Скорей бы на фронт! Но еще впереди присяга, дорога, и только потом фронт.
Мама, а помнишь рисунок в «Крокодиле», когда наступал 41 год? Там был нарисован маленький ребенок, а на груди у него лента с надписью «1941 год». Ребенок в испуге закрывает голову, а внизу подпись: «Джентльмены! Где здесь ближайшее бомбоубежище?» Кто знал, что в этом рисунке английский художник будет пророком и для нашей страны.
Извини, мам, заканчиваю. Надо бежать на занятия. До свидания. Целую тебя. Твой сын Александр».
Дочитав письмо, Валентина Михайловна подумала, что, возможно, Шурик уже на фронте и уже воюет. У нее потемнело в глазах и она зашептала:
— Сыночек мой, будь осторожен! Будь осторожен!
Третье письмо пришло в январе сорок второго. Было оно написано карандашом на обертках из-под пшеничного концентрата.

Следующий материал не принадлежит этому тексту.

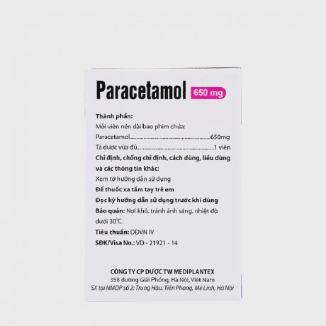 Viên nén Paracetamol 650mg Mediplantex giảm đau từ nhẹ đến vừa và hạ sốt (10 vỉ x 10 viên)SẢN PHẨM

«Мама! Здравствуй! Вот я и на фронте. Уже две недели здесь. Ничего, понемногу привыкаю. Старшина говорит, что я заговоренный, что меня пуля не берет. Это точно. Три раза в бою побывал, а только шинель пробило в одном месте да слегка руку оцарапало. Тьфу-тьфу, чтобы не сглазить!

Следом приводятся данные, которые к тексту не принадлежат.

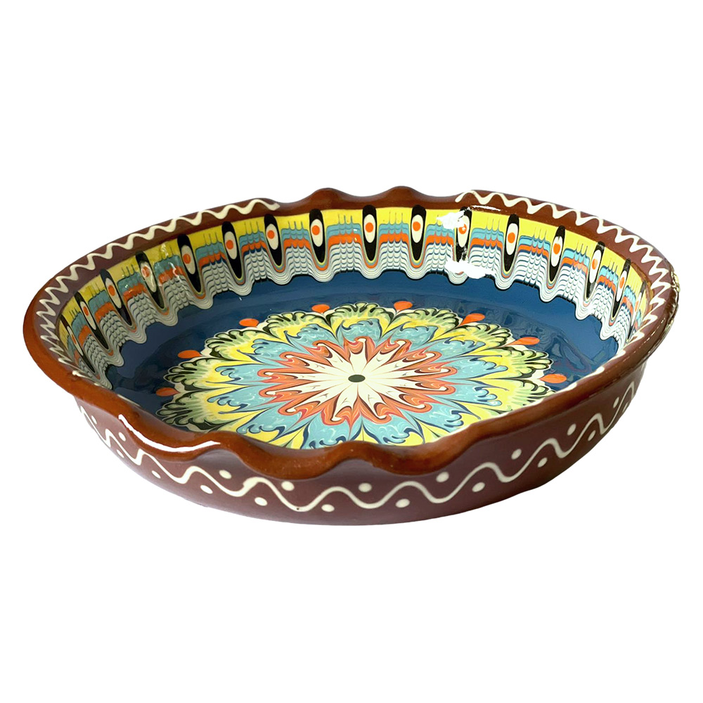 Handmade ceramic clay dish with traditional Bulgarian Trojan pattern. This model of ceramic baking dish is suitable for cooking various main dishes. With its authentic look, this ceramic casserole creates a feeling of warmth, coziness and comfort in your home. All the dishes cooked in it look irresistibly delicious. This pottery cooking dish is suitable as a gift for any occasion, both for women and men. Bulgarian Pottery and Gifts offers wholesale handcrafted pottery is available in volume orders, and we always give consistent service with high quality.

Мам, а помнишь, как я ревел, когда мы переехали из барака в нашу теперешнюю квартиру? Жалко было обжитого места, представить себе не мог, как я жить буду в другом доме. Он мне казался чужим и враждебным. А теперь я с легкостью привыкаю к любой перемене. Здесь так любишь все живое! Даже смотреть, как качаются от ветра прутики кустарника, и то очень радостно. Иногда, правда, бывает грустно. Хорошо, что рядом с нами старшина. Рассказал сегодня смешной анекдот. Два фашиста врываются в одну хату и видят на стене портрет Пушкина. Тычут пальцами: «Коммунист? Коммунист?» «Нет, — отвечает хозяйка. — Поэт… Стихи сочинял… Пушкин, Пушкин». «Пушки?! Рус артилериер?!» Схватили портрет и давай его рвать в клочья… Узнали нашу артиллерию, наших «катюш». Боятся одного звука!

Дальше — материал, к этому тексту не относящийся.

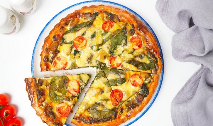 Продукти: маслено тесто – 500 г, гъби – 500 г, спанак – 300 г, пресен лук – 200 г, твърдо сирене тип кашкавалено /не бяло/ – 60 г, масло – 50 г, растително масло – 30 мл, сметана – 50 мл, чери домати – 6 бр., сол – 1 ч.л. или на вкус, черен пипер – 0,5 ч.л. или на вкус, яйце – 1 брой.

Мам, если сможешь, сходи в военкомат и спроси, нет ли у них наставления по пулемету ДШК-12,7. Хочу сделать прибор, чтобы определять расстояние до самолета. Вместе с наставлением вышли, пожалуйста, таблицы тригонометрических функций. Если удастся сделать прибор, попробую бить по фашистским самолетам.
Мой адрес: Полевая почта, ФЧ/1526, мотострелковый взвод, действующая Красная Армия. Дай этот адрес и Светланке.
Вчера ночью ходили в баню. Далеко пришлось топать по морозу, но вымылись хорошо. Жалко, заканчивается бумага, а больше нет. До свидания, мам! Не скучай! Целую тебя».
Больше писем не было. Ни писем, ни похоронки. Валентина Михайловна писала в разные инстанции, но кроме извещения «Ваш сын пропал без вести», которое пришло еще во время войны, о ее Шурике никто ничего не знал…
Умывшись, Валентина Михайловна надела темно-зеленое платье и села пить чай.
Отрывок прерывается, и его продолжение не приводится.